12月24日、X’masイブですが、皆様は楽しい一時をお過ごしでしょうか?

私は、日本障がい者サッカー連盟主催の「インクルーシブフットボールフェスタ」に参加いたしました。

 

切断障害、脳性麻痺、精神障害、電動車椅子、視覚障害、聴覚障害の7つの障がい者サッカー競技団体が1つになり設立されたこの連盟ですが、今日はその中でもアンプティサッカー(切断障害)、ブラインドサッカー(視覚障害)、電動車椅子サッカーの体験会でした。

 

アンプティサッカーは思ってた以上に運動量があり、サッカー部のメンバーも根をあげる始末。

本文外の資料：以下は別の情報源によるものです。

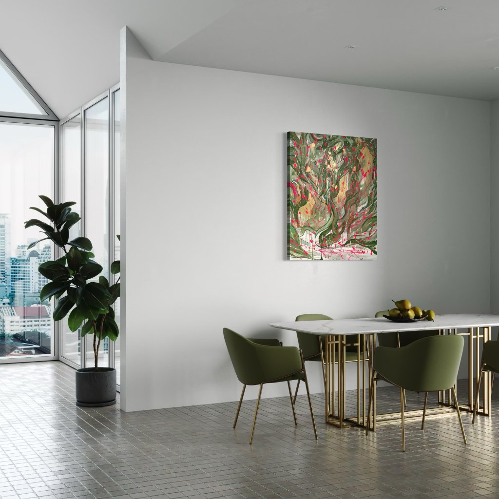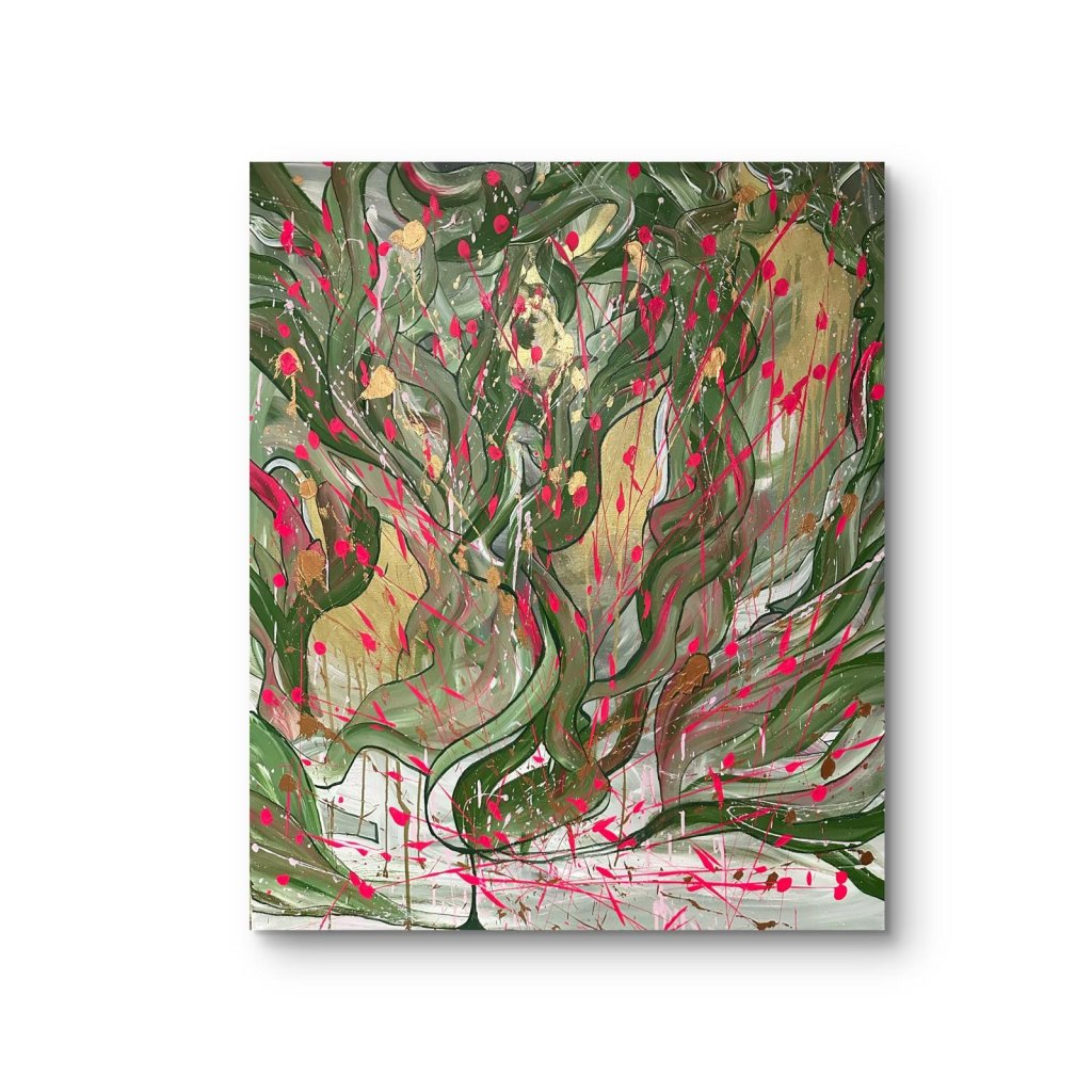 Obraz Strom naděje je vizuální metaforou síly, růstu a znovuzrození. Dominantní zelené tahy připomínají bujnou korunu stromu, který se rozrůstá do všech směrů, zakořeněn v zemi, ale neustále směřující vzhůru. Zlaté akcenty vnášejí do obrazu pocit světla a naděje – jako paprsky, které pronikají listovím.

日本ではアンプティサッカーは人口も少なく、認知度も低いのですが、一見の価値ありです。

ファンになること間違いなし。

 

電動車椅子は、その操作は容易なのですが、ボールに上手に当てるのが難しいのです。

ボールの大きさは普通の3倍位。

とても重たく足で蹴っているとたちまち痛みが出てきます。

 

ブラインドは、ボールの位置が全く分からず悪戦苦闘。

少年サッカー選手も空振りの連続でした。

 

隣のコートでは、障害の有無に関わらず、子供たちがチームを組み、試合を楽しんでいました。

こんな姿が日本中のどこでも当たり前に見ることが出来る、そんな姿を追い求め、今年も活動してまいりました。

気づくと年末ではないですか…

 

「スポーツを通じ、一人でも多くの方に心のバリアフリーを!」

その一番の願いがX’masイブに叶いました。

選手や子供たちに最高のX’masプレゼントをいただきました。

幸せな時間をありがとうございました!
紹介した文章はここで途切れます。